Whilst it’s not immediately clear what Button’s new role will actually involve, it’s widely thought that Williams are looking for both a senior driver’s perspective on sporting matters, as well as someone to act as an ambassador for the team in and around the sport.
Additionally, being one of the few drivers that made it to the very pinnacle of Formula 1 Button brings with him a wealth of relevant experience he can share with Williams two drivers in their formative Grand Prix seasons.
Button has long since been considered a driver with intelligence, in the mould of Alain Prost, rather than one who survives on raw talent and instinct, which lends itself perfectly to the role of driver coach, if not full time, then certainly from time to time and at key moments.
Jenson Button began his Grand Prix career with Williams in 2000, but left after a season to join Renault.

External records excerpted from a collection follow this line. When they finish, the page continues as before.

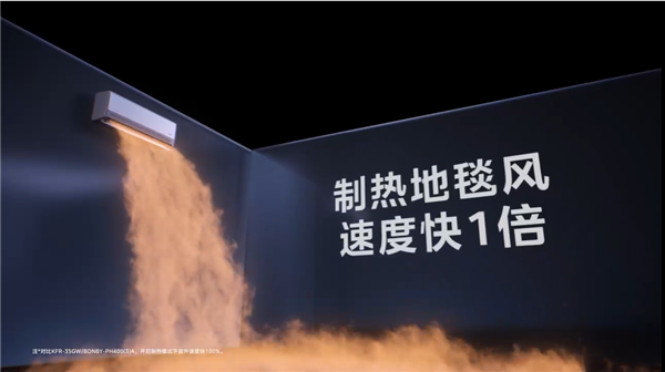 那么,美的究竟如何将“制热强”这一核心卖点,转化为用户可感知的极致体验?首先,在“暖得快”的维度上,产品通过硬件重构实现高效制热与均匀控温。它搭载行业最大的970cm²双风口设计,配合820m³/h超大循环风量,开机即可输出强劲气流,制热速度较普通空调提升一倍,能迅速驱散室内寒冷;配合左右超115°超广角送风,气流轻松覆盖房间角落,全屋温差≤1℃,彻底告别“局部热、外围凉”的尴尬。
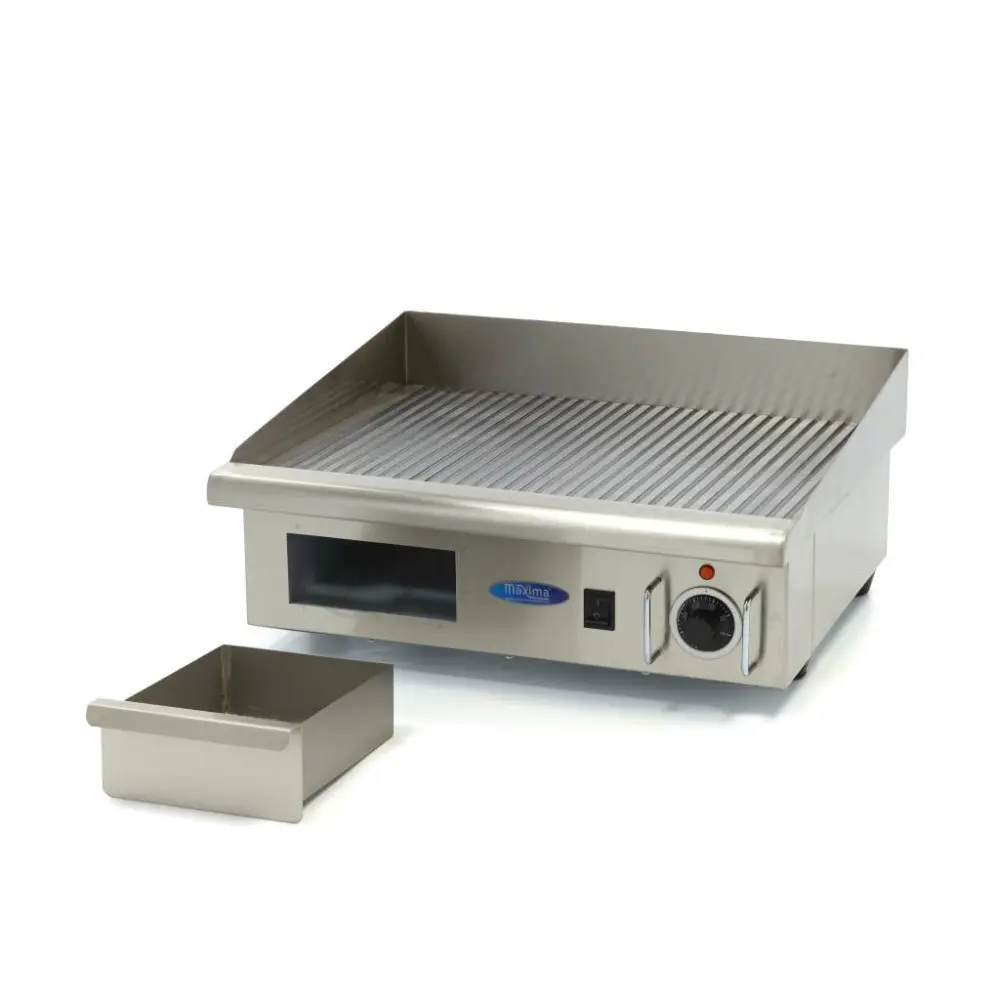 Tento elektrický rošt má drážkovanou grilovací plochu o délce 55 cm a je vyroben z nerezové oceli. Má odkapávací misku pro zachytávání tuku a ochranné kryty proti stříkající vodě pro bezpečnou práci. S tímto roštem můžete grilovat to nejchutnější maso, ryby nebo zeleninu a je ideální pro každodenní intenzivní používání v každé profesionální kuchyni.
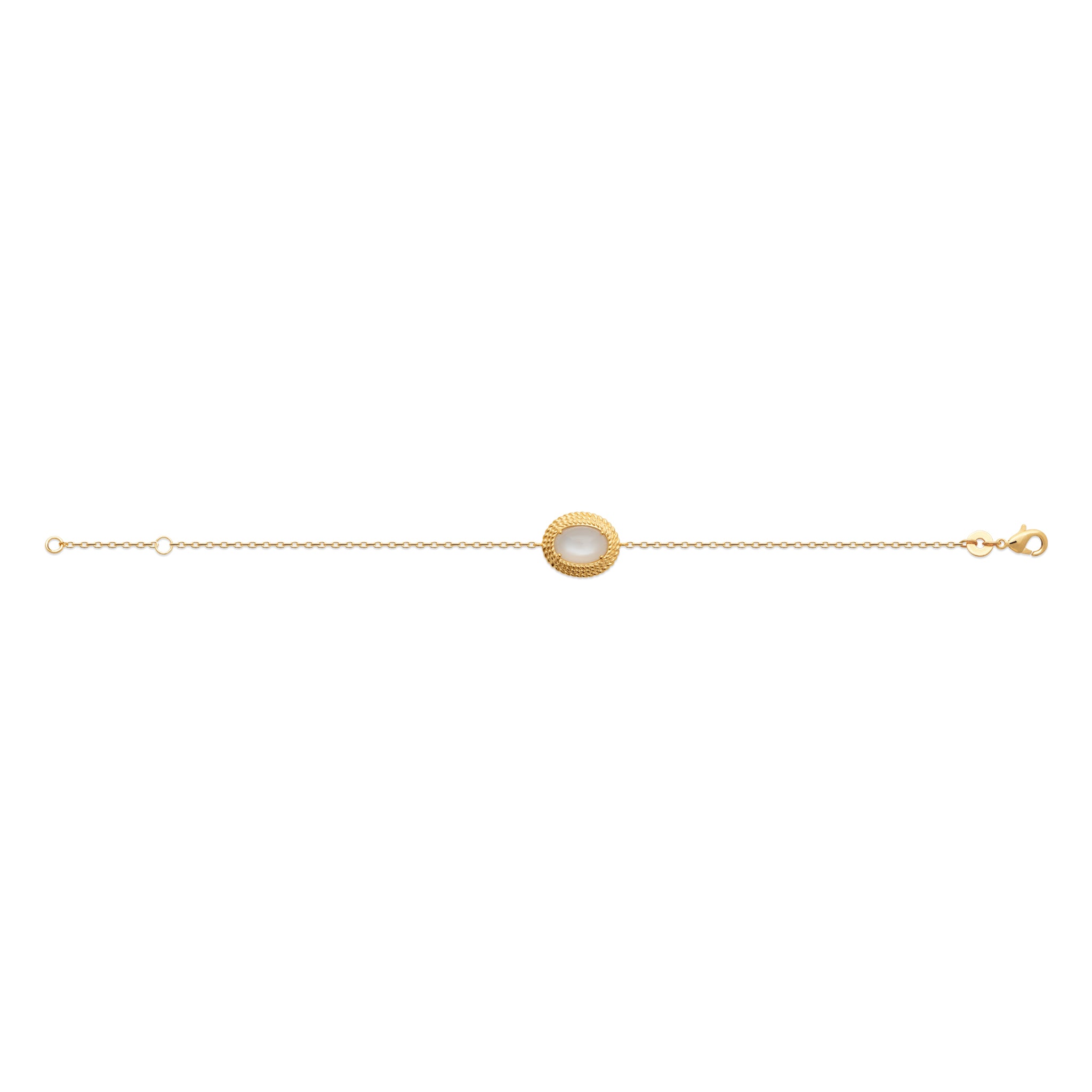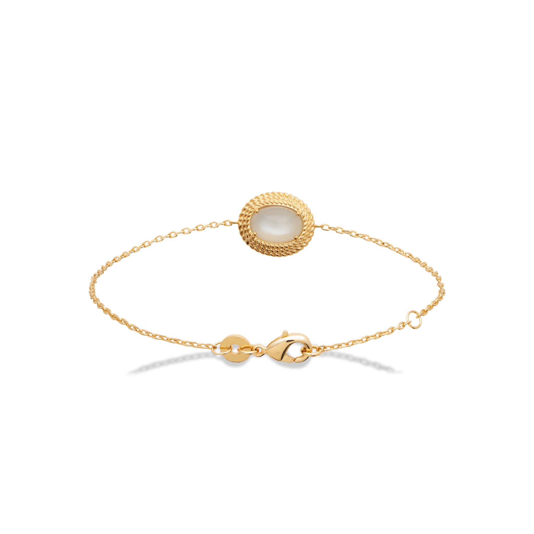 Elyssia met à l’honneur la pierre de lune et ses reflets opalescents aux nuances délicates. Fine et lumineuse, elle enveloppe le poignet d’une élégance douce et naturelle, subtilement précieuse au quotidien.
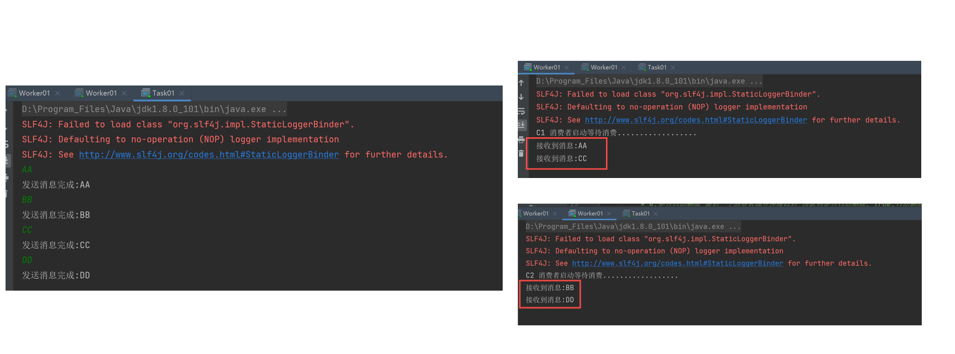 当发送AA ,BB ,CC ,DD消息时两个工作线程的执行情况  可以看到两个工作线程分别都获得了两个消息
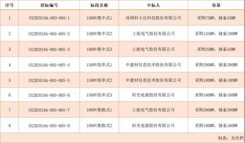 2019年8月30日,國家電力投資集團有限公司公示了2019年度第五十九批集中招標(第一批光伏逆變器設備)的招標結果。華為(760MW)、上能電氣(695MW)、陽光電源(640MW)、科士達(130MW)中標,成為此次逆變器集采的贏家。
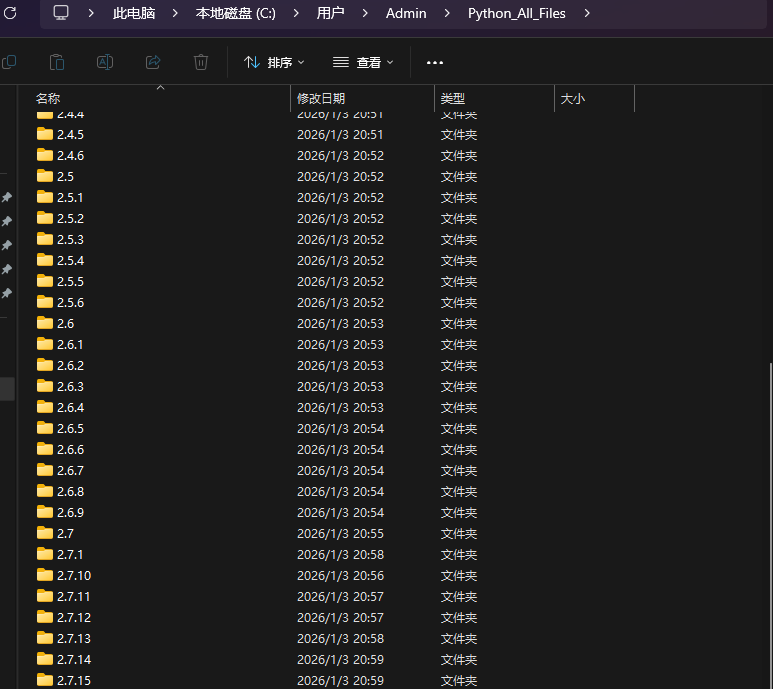 脚本会自动按「Python 版本号」创建文件夹,所有文件归类存储,目录结构非常整洁:

Two years with the French squad butting heads with Team Principal Flavio Briatore was enough for both men and JB left to join BAR, (later becoming Honda).
His first taste of a Grand Prix car with the potential to win races elevated Button into the top echelons of the sport and made him much sought after, and only some serious contract wrangling and the involvement of the court of arbitration that prevented a move back to Williams.
Sadly for Button, after winning his first Grand Prix in 2006, the Honda F1 cars that followed were absolute donkeys and the Japanese squad decided to withdraw from F1 rather than suffer the ignominy of another disastrous year in 2009.
In a salvage mission that would become instant Formula 1 folklore, Honda team boss Ross Brawn stepped in to buy the team at the eleventh hour knowing that in the double diffuser the already-built Honda (which became the first and only Brawn Grand Prix car) had a design advantage over its rivals that was likely to make it very competitive.
Nobody could have known just quite how competitive, as Jenson Button and Brawn romped to half a dozen wins in the first half of the 2009 Formula 1 season, effectively sealing the championship before their rivals had a chance to build a double diffuser of their own.
World Champion Button then moved to McLaren, where he partnered Lewis Hamilton, taking seven more wins before retiring for good in 2017.
Since retiring from Formula 1, Button has combined outings in other series with TV punditry work where he works for SkyF1.
In my opinion, Button is absolutely perfect for an ambassadorial role, and Williams have chosen very wisely. He’s smart, intelligent, articulate and well liked. His F1 driving experience is recent enough to still be relevant, and he’s senior enough and was successful enough to be respected at board level. I think when he speaks, he’ll be listened to.
Hopefully Williams’ latest acquisition will prove to be a positive force in Williams’ resurgence. Welcome back Jenson!